Lynch tests new, comfortable waters
By ROBERT NADEAU  |  February 27, 2009
4.0 4.0 Stars

For our primi course, we were impressed with "local cod" ($24), which was certainly a lovely small square of fish, cunningly enriched with an underlying sauce of white-bean paste (not "salsa verde," as the printed menu had it), and some more of that radish salad. Bone-in sirloin fiorentina ($30) crosses the Italian steak Florentine with the bistro classic steak frites. You get the most terrific French fries, and then you get this big rare steak, with lots of flavor and juice (and a little melted butter on top — thanks, chef), and broccoli rabe sautûed on top. Mrs. Nadeau likes to take home a bit of steak to go with her breakfast eggs. Not this time, dear.

The wine list is all Italian regional, all recent vintages, all by the glass, and short: a sparkler, three reds, three whites. The glasses are stemless, but large and nicely recurved, like professional tasting glasses. On the whites, the 2007 Cusmano alcamo from Sicily ($9) was fuller than a pinot grigio, but remarkably crisp and fresh for a hot-climate white. Paulo Scavino's 2007 rosso di tavolo ($10) is a blend of all the vines of Piedmont plus cabernet sauvignon, a light wine despite a little tannin still showing under dark fruit. A 2007 Cesanese del Piglio, from Corte dei Papi, is a central Italian wine, lighter and fruitier, based on ancient red grapes of the region. And a 2007 Greisbauerhof St. Magdalener ($9) is made from a red grape known in this area of Northern Italy near Austria as "vernatsch." It isn't often I can add three new grapes to my life list at one meal, but the menu doesn't make anything of the unusual grape varieties. It just lists a lot of regional Italian wines you've never heard of, which turn out to be light, fruity, and perfect for this food. Decaf coffee ($2.50) and decaf cappuccino ($3.75) are both impeccable.

Sportello is also a bakery/take-out restaurant, so there are six desserts. We stuck with chocolate. The first, chocolate budino ($8): pudding in a crust of exquisite chocolate cookie crumbs, flawed only by a little too much sea salt. Chocolate ginger cake ($8) was more like chocolate spice cake, but with an exquisite balance of chocolate and spice, mascarpone underneath, and a few shreds of Asian pear on one side, candied ginger on the other.
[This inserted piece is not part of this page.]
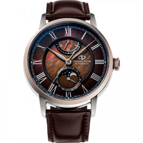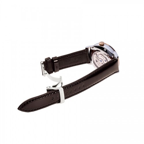 Механические часы с автоподзаводом и возможностью ручного завода. Запас хода на 50 часов. Индикатор запаса хода. Водостойкость WR 50. Центральные часовая, минутная и секундная стрелки. Индикация даты. Фазы Луны. Циферблат с часовыми индексами в виде цифр. Корпус выполнен из нержавеющей стали. Устойчивое к возникновению мелких механических повреждений сапфировое стекло. Прозрачная задняя крышка. Кожаный ремешок.

"Sportello" means "counter" in Italian, and that's exactly what you'll find — long, white ones, at which you'll find yourself seated right next to fellow diners. The odd layout makes service tricky, but the servers have mastered it. You get to your seat by going behind the cash register and counter of the bakery, and so does your server, sometimes. Water is frequently refilled, and our server was knowledgeable without losing the informality of the place — present without hovering.
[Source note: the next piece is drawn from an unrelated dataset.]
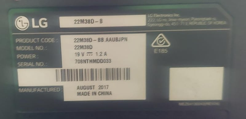 Monitor - LG 22M38D-B, 22", DOM: 08/17, S/N: 708NTHMDD033 Note: untested, signs of wear

The atmosphere at lunch is more active, though on a recent early Friday night visit, the crowds were kept at bay. (Drink seems to be doing better.) The diners are young, and if they don't know everything about the food, they know what they like by the time they are finished eating. The background music runs to remixes of '70s and '80s hits, which nicely crosses several generation gaps. Does this prove that Lynch's full-tilt destination restaurant will thrive even in these difficult times? It's hard to say, but even if the answer is no, it's worth a trip to Sportello.